Johnson & Johnson and Boston Scientific Corp., the purchaser of locally based Guidant, make the two drug-coated stents currently on the U.S. market. A recent study sponsored by Johnson found that two-thirds of the stents were implanted incorrectly.

In most instances, physicians gauge the measurement by looking at an X-ray to best guess the size of a stent. Blood running between the artery wall and the stent can, in rare cases, cause turbulence that leads to thrombosis, or clot formation.

It is estimated, however, that clotting occurs in less than 0.5 percent of the roughly 1 million stent procedures done in the United States each year.

New imaging technology called intravascular ultrasound, or IVUS, can help guide or verify proper development. It is a two-step procedure in which the imaging technology is not imbedded in the same catheter, unlike Kassab’s device.

The difference could give Lumen-RECON an advantage, said Dr. Michael Venturini, chief medical officer of Community Health Network’s Indiana Heart Hospital.

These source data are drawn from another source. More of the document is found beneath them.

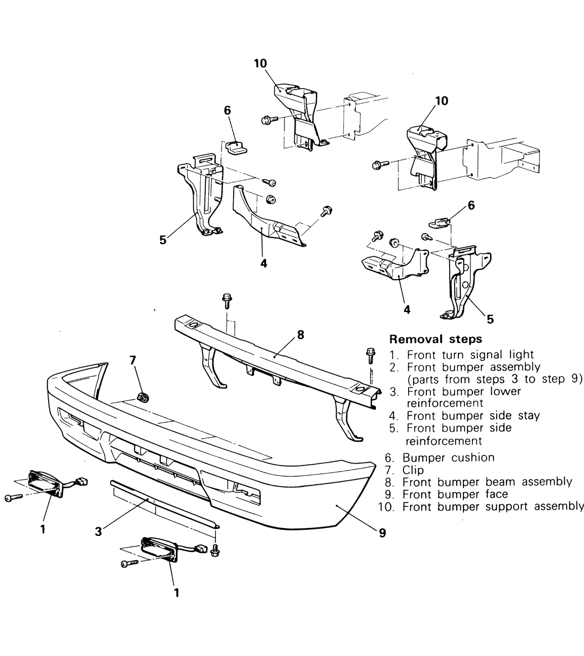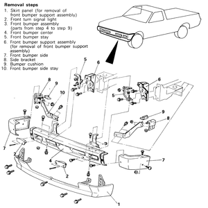 | Fig. 4: Front bumper removal and installation components — Monteros |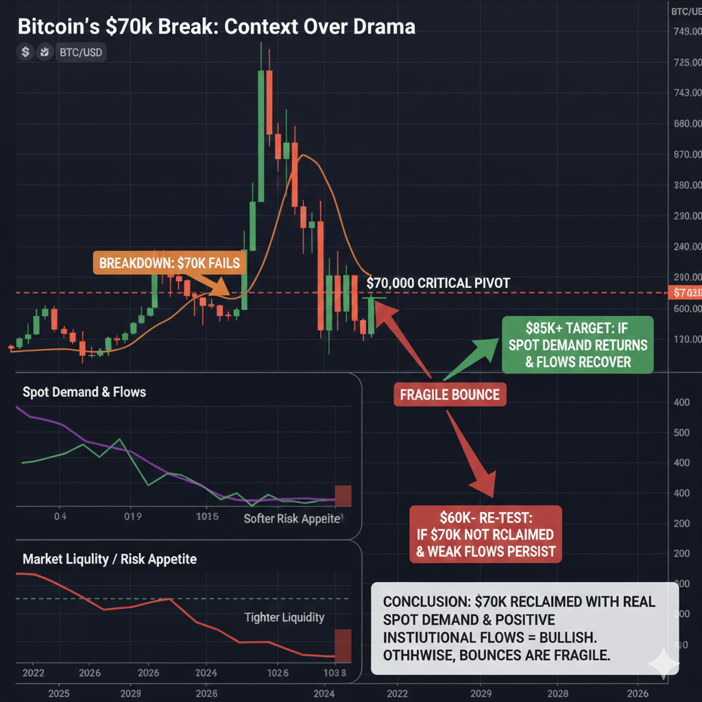 Bitcoin’s breaks below $70,000 is less about drama and more about context: softer risk appetite, tighter liquidity expectations, and a market that has struggled to sustain rebounds. A sensible Bitcoin price prediction now depends on whether $70,000 is reclaimed with real spot demand and whether institutional flows stop bleeding, because without those two shifts, bounces can remain fragile.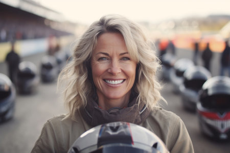 Portrait of a happy woman with a motorcycle helmet on the race track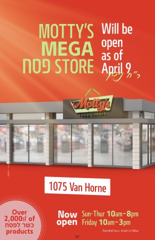 MOTTY'S Will be MEGA open as of חספ STORE April 9 ןסינ ח"ר 1075 Van Horne Over Now Sun-Thur 10am-8pm 2,000sf of חספל רשכ open Friday 10am-3pm products Extended hours. details to follow 87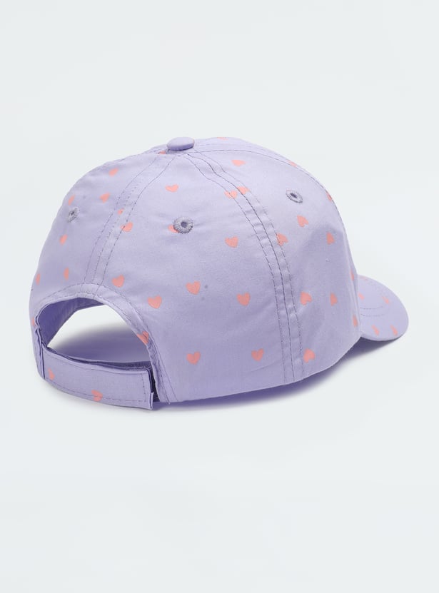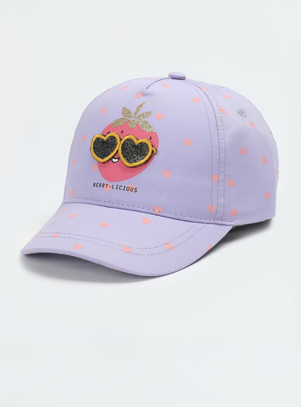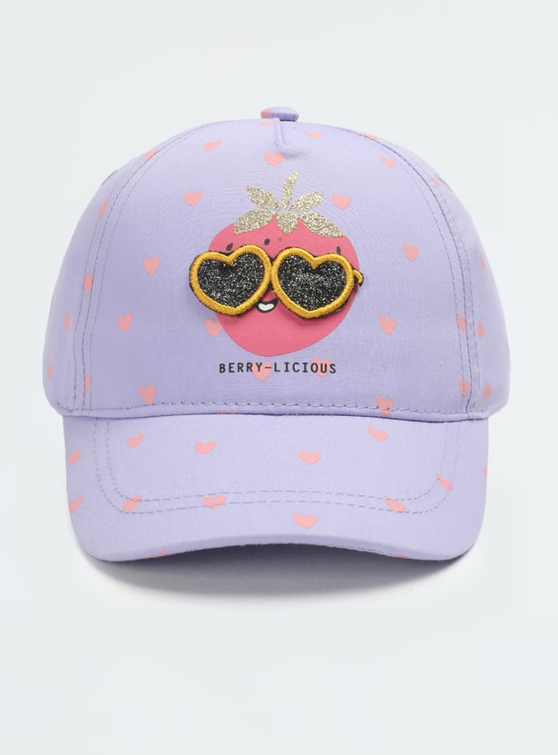 Jazz up her summer looks with this baseball cap. It is designed with a button accent at the top, strawberry applique, and an iridescent brim. The Velcro strap ensures a custom fit.

“If, for instance, a single piece of equipment could be used to deliver and deploy the stent, and give more precise information about the appropriateness of expansion and sizing,” Venturini said, “I could see how that would have great potential and value.”

The device has proven successful in animal testing using pigs, Kassab said. The next step is human clinical trials that could begin next summer. Several local companies are assisting in the process.

Catheter Research Inc. is designing the catheter and Priio the digital readout technology. Indianapolis-based law firm Ice Miller LLP is licensing the intellectual property and The Anson Group LLC is handling regulatory consulting.

Besides the investment from BioCrossroads, Kassab is seeking additional funding from the Indiana 21st Century Research and Technology Fund-the state’s showcase program for investments in budding high-tech firms.